= Executive Order 13139 =

1999 United States executive order

Executive Order 13139— entitled Improving Health Protection of Military Personnel Participating in Particular Military Operations — as an executive order (EO) issued by U.S. President Bill Clinton on 30 September 1999. It outlines the conditions under which Investigational New Drug (IND) and off-label pharmaceuticals can be administered to U.S. service members. An “off-label" indication is a use of a drug in a manner (or for a condition) other than that for which they were originally licensed.
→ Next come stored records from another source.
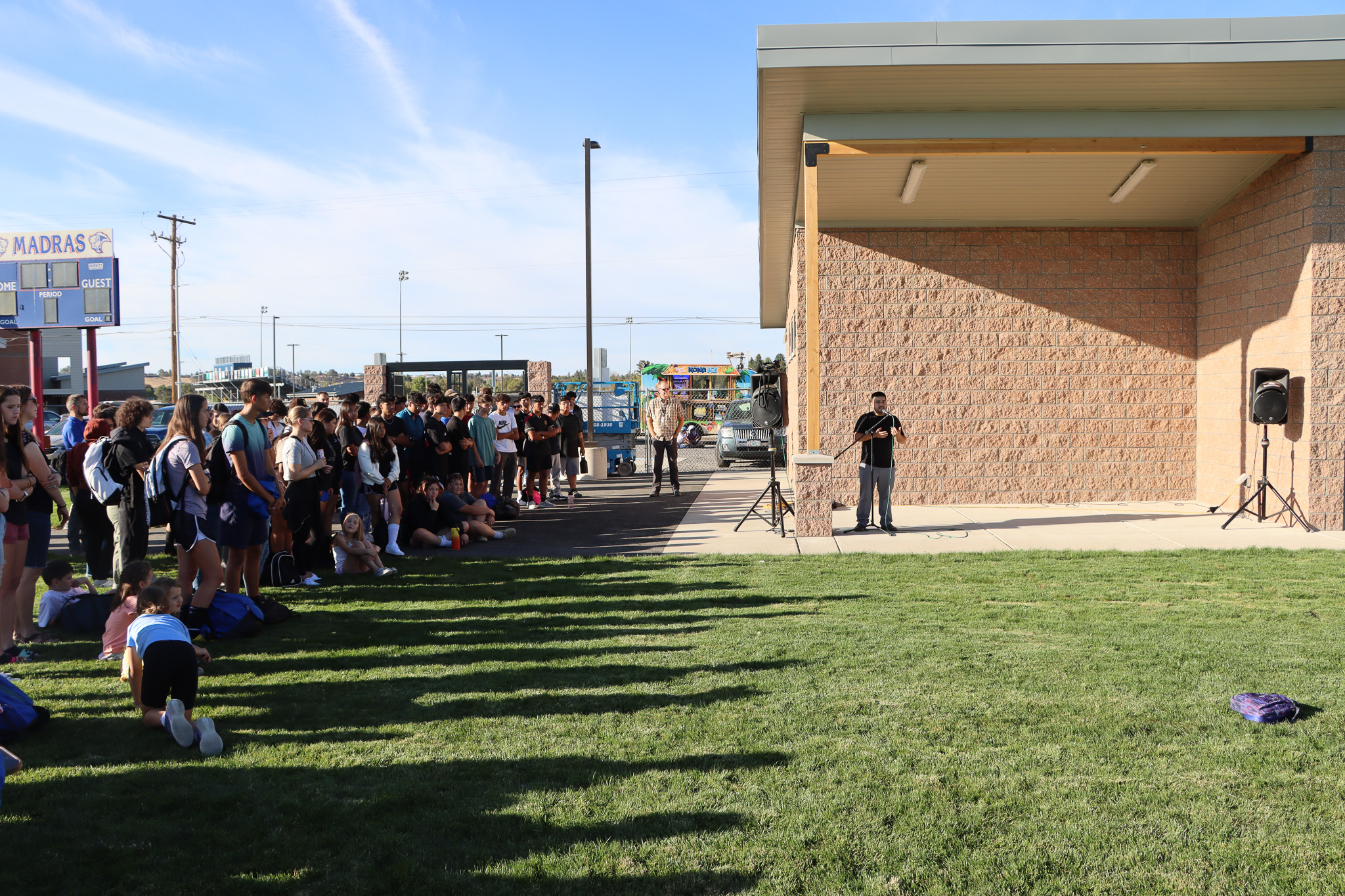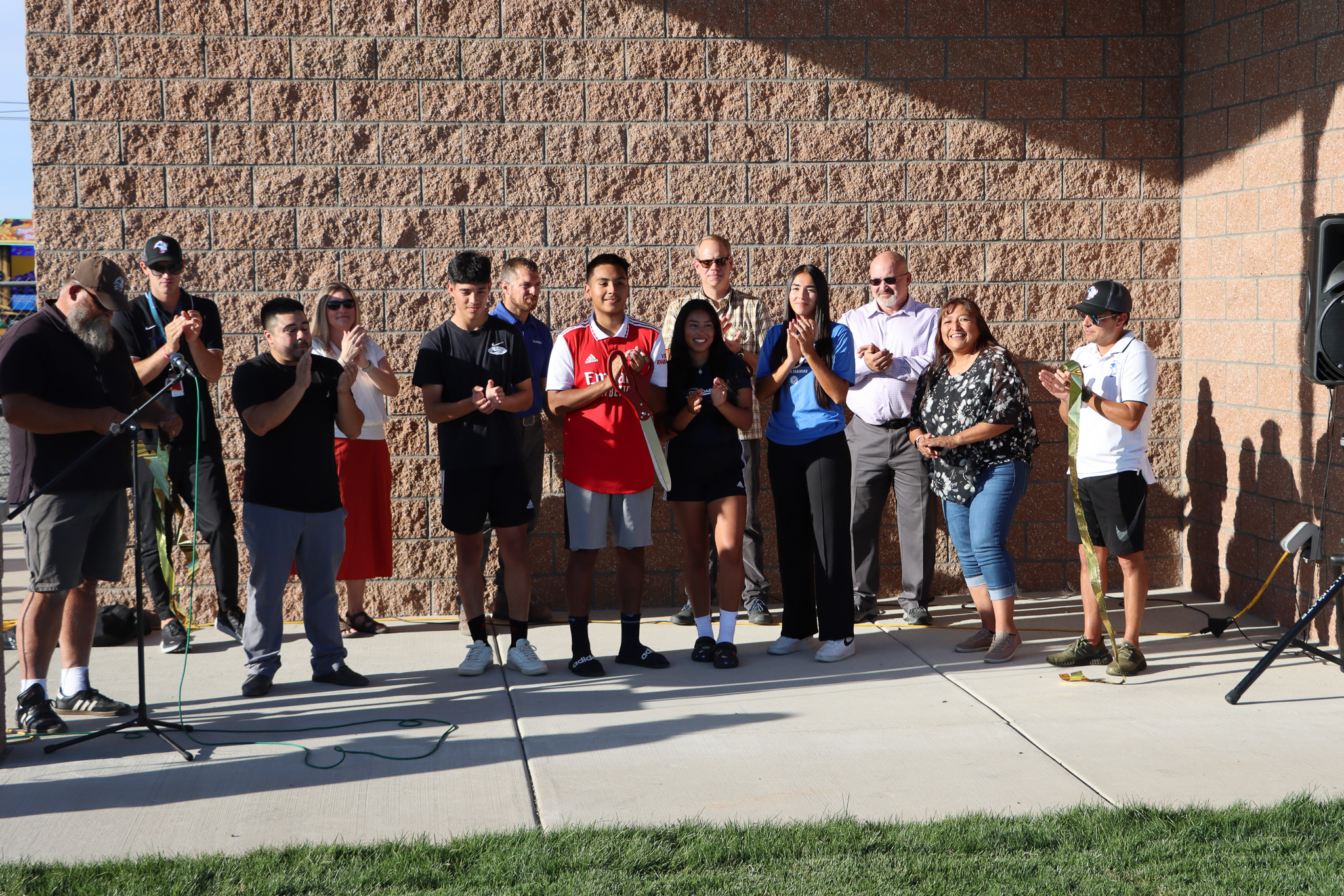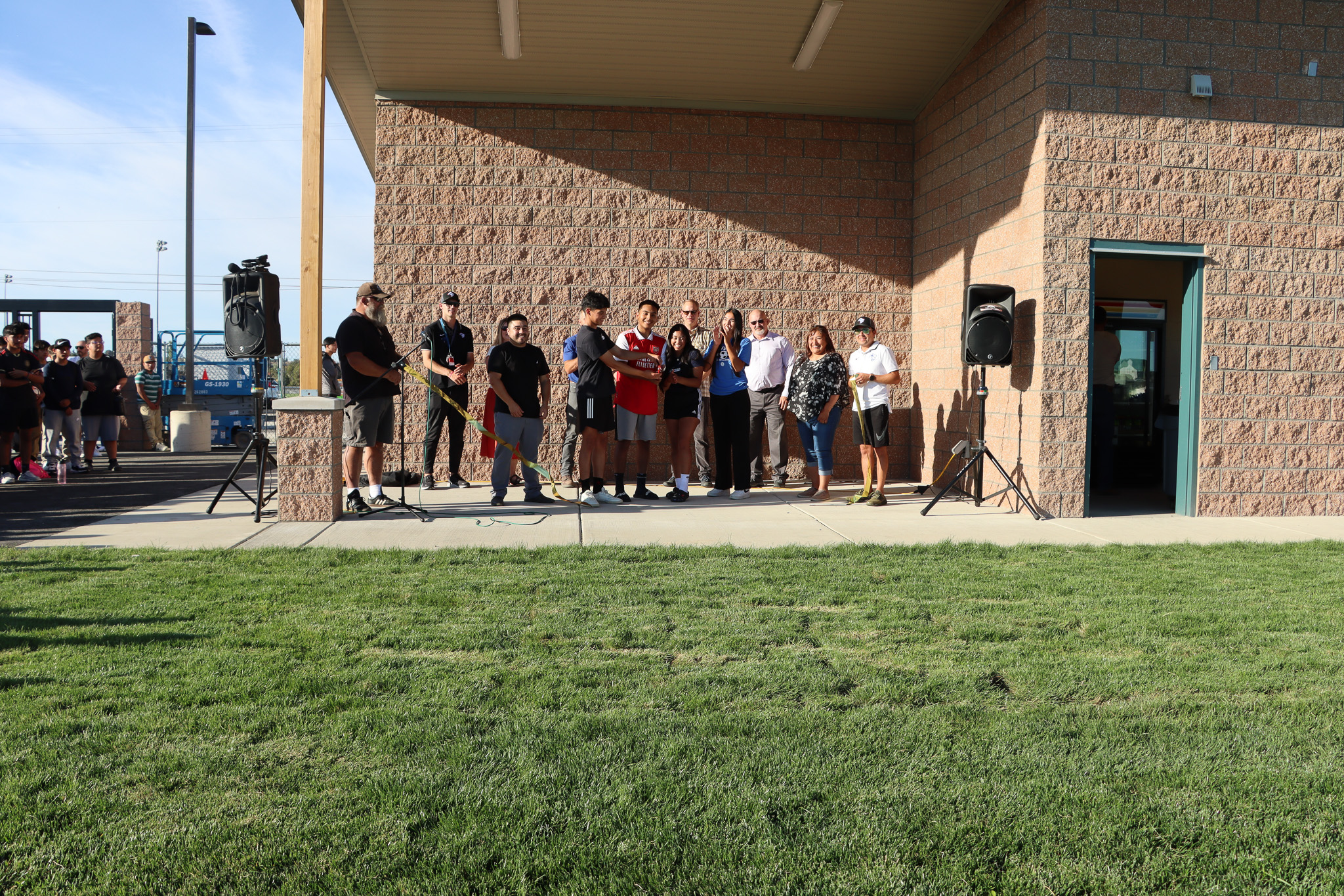 Four speakers delivered inspiring speeches. Superintendent Jay Mathisen and board member Laurie Danzuka offered their unique perspective on the impact of this soccer complex on our students and the soccer community in Jefferson County. Two Madras High alumni, Erika Olivera and Imer Gutierrez, spoke from the heart about how playing soccer at Madras High shaped their character. They emphasized the life skills acquired like perseverance and how that has helped shape their life post high school.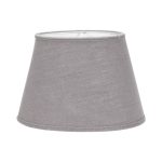 Ovaalin muotoinen lampunvarjostin pellavakangasta. Valkoinen sisäpinta, rullatut reunat.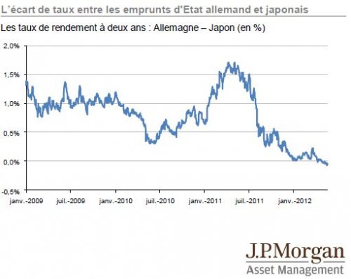 Compte tenu de l’ampleur des opérations de refinancement à long terme de la BCE, il y a une demande massive de collatéral adossé à des obligations de court terme. Cela a tiré les taux d’intérêt vers le bas en deçà des niveaux d’équilibre. Notre graphique montre le différentiel entre les taux d’intérêt à deux ans allemand et japonais et le décalage qui s’est récemment produit.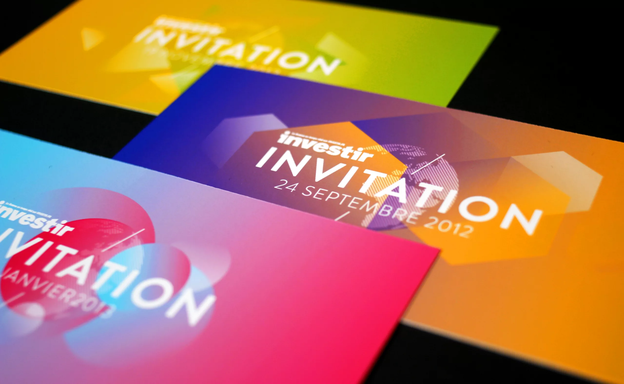 Projet d’une série d’invitations pour des rencontres organisées par le groupe Investir.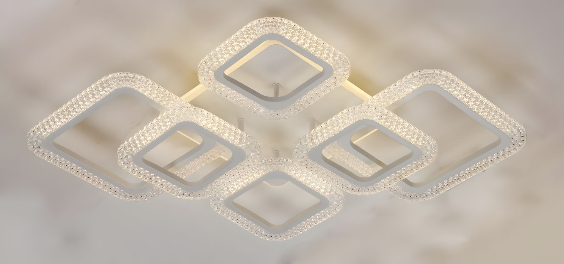 Люстра світлодіодна V K38839-4+2+1 WT — сучасний стельовий світильник у білому кольорі, побудований на комбінації світлових елементів квадратної форми. Конструкція включає чотири основні квадрати, два додаткові та один центральний, які утворюють багаторівневу композицію. Така геометрія надає люстрі виразного вигляду й дозволяє створити рівномірне та насичене освітлення по всій площі кімнати.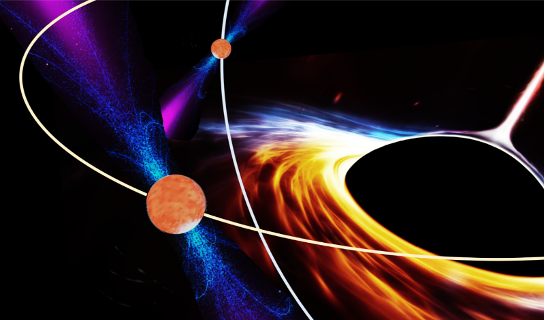 银心黑洞与两颗脉冲星的示意图(欧冠官方网站 / 胡泽昕 & 邵立晶;背景图:ESO & NASA)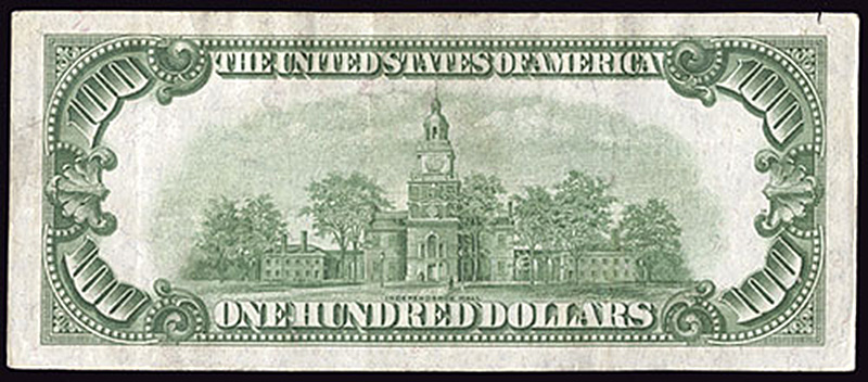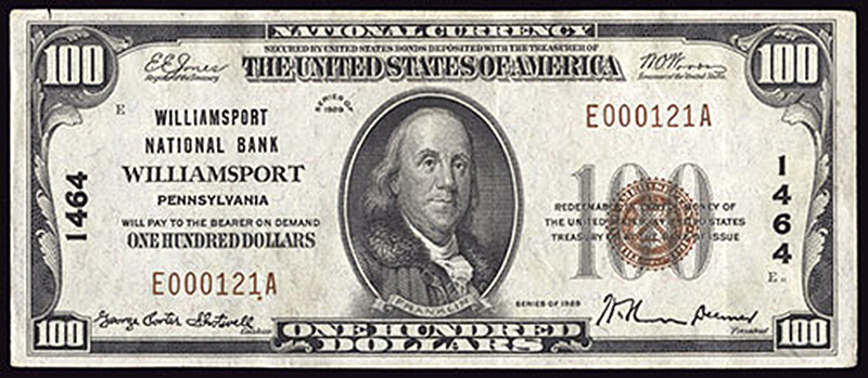 PA. Williamsport. Ch.1464. Williamsport National Bank. $100. 1929 T1. Fr. 1804-1. No.E000121A. Plate E. EF details. There is a tiny edge nick in the upper left margin.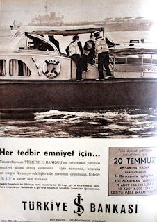 Her tedbir emniyet için... Tasarruflarınızı Türkiye İş bankasına yatırmakla paranızı emniyet altına olmuş olursunuz... Aynı zamanda senenin en zengin ikramiye çekilişlerinde şansınızı denersiniz. Üstelik % 6.5'a kadar faiz alırsınız. Vadesiz hesaplarda her 200 liraya, vadeli hesaplarda her 100 liraya ayrı bir kura numarası verilir. Kura numaralarınızı keşidelerden 15 gün evvel hesabınızın bulunduğu şubenizden öğrenebilirsiniz. Yılın üçüncü çekilişine katılabilmek için 20 Temmuz 1962 AKŞAMINA KADAR tasarruflarınızı iş bankasında toplayınız... 100 apartman dairesi, 1 adet 100.000 TL, 10 adet 5.000 TL + ÇEŞİTLİ PARA İKRAMİYELERİ... TÜRKİYE İŞ BANKASI Paranızın... İstikbalinizin emniyeti... |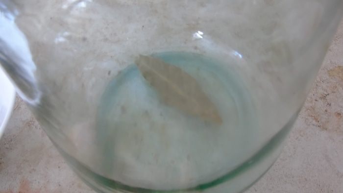 Трехлитровую банку хорошо со всех сторон просматриваем, чтобы исключить трещинки. На дно кладем лавровый лист.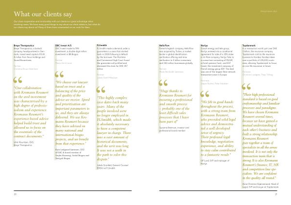 " Our collaboration with Kromann Reumert on the seed investment was characterised by a high degree of professionalism and experience . Kromann Reumert ’ s experience-based advice helped build trust and allowed us to focus on the essentials of the contract documents .”
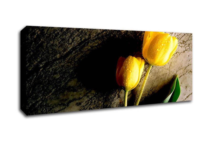 Yellow Tulip Duo Panoramic Canvas Print handmade in the UK. Stretched over a 2 inch thick wooden box frame, ready to hang on your wall.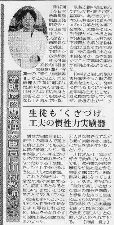 3月14日(日) 毎日新聞 「発明展 内閣総理大臣賞に川村教諭」(慣性力実験器U)の紹介 199903141.jpg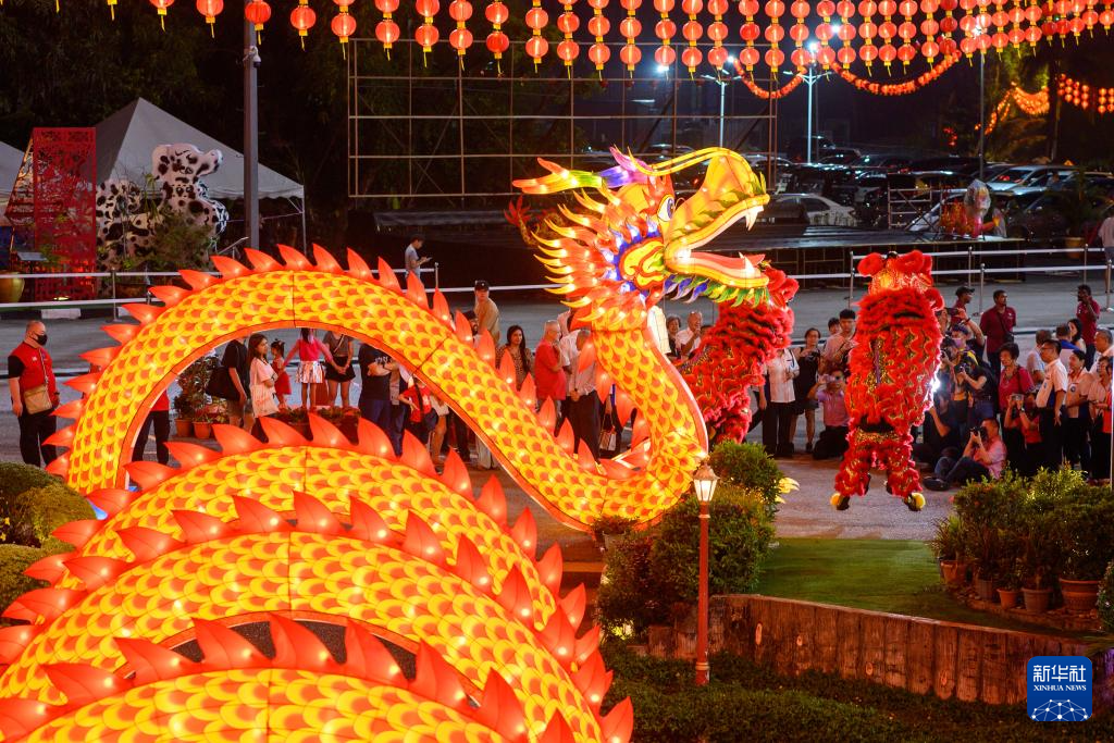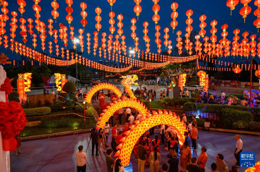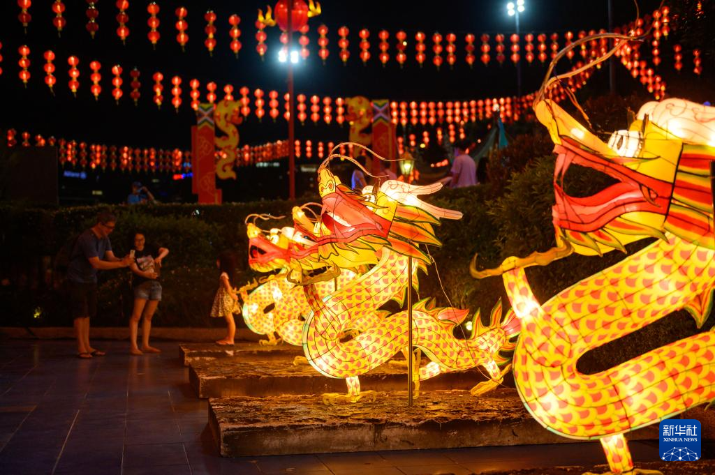 吉隆坡天后宮點亮以龍為主題的彩燈裝置迎接龍年的到來。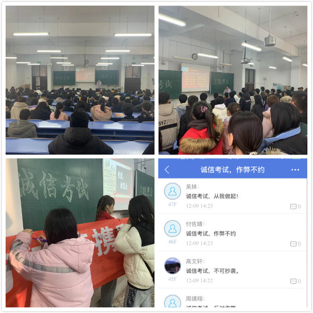 随着期末考试的日益临近,为了使同学们进一步端正考试态度,营造良好的考试氛围,12月15日,医学技术学院2020级5个班级在主楼北区214教室组织开展了“诚信考试”系列主题班会。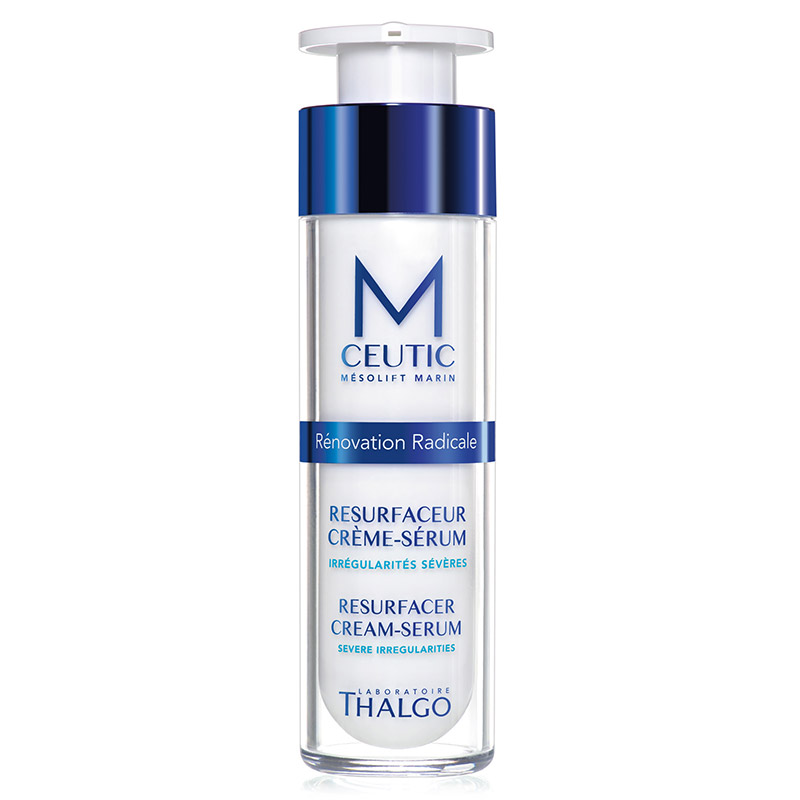 Resurfacer Cream-Serum - Intensywnie korygujący krem-serum. Innowacyjny kosmeceutyk wspomagający skórę w walce z niedoskonałościami, nadaje jej idealny wygląd. Bogactwo składników oraz innowacyjne technologie zapewniają wspaniałe rezultaty. Mésolift Marin®, czyli 32 poli-odżywcze substancje, adenozyna i kwas hialuronowy rewelacyjnie nawilżają i regenerują skórę. Kompleks Neo-Skin® stanowiący połączenie ekstraktu z liści Buchu, brązowej makroalgi Fucus spiralis oraz zielonej mikroalgi Tetraselmis Chui reguluje i zmniejsza wydzielanie sebum. Sytenol A, wyciąg z nasion Babchi, rośliny indyjskiej, wykazuje działanie zbliżone do retinolu, pobudza komórki do odnowy. Z kolei Synactin AC zmniejsza syntezę melaniny jednocześnie rozjaśniając przebarwienia.Witamina B3 wspomaga walkę z przebarwieniami oraz rewelacyjnie pielęgnuje skórę trądzikową i tłustą. Rezultatem stosowania kosmeceutyku jest aksamitnie gładka, doskonale oczyszczona i idealna cera.

EO13139 provides the US Secretary of Defense guidance regarding the provision of IND products or products unapproved for their intended use as antidotes to chemical, biological, or radiological weapons; stipulates that the U.S. government will administer products approved by the U.S. Food and Drug Administration only for their intended use; provides the circumstances and controls under which IND products may be used.

It also stipulates that to administer an IND product, informed consent must be obtained from individual service members. However, the President of the United States may waive informed consent (at the request of the Secretary of Defense and only the Secretary of Defense) if:

- Informed consent is not feasible
- Informed consent is contrary to the best interests of the service member
- Obtaining informed consent is not in the best interests of national security.

In the 2003 case of Doe v. Rumsfeld, the United States District Court for the District of Columbia enjoined the United States Air Force from requiring administration of an unlicensed anthrax vaccine to personnel pursuant to EO13139, noting that a waiver from the President had not been requested. This injunction dissolved in 2005, when the vaccine was licensed, and no longer considered experimental.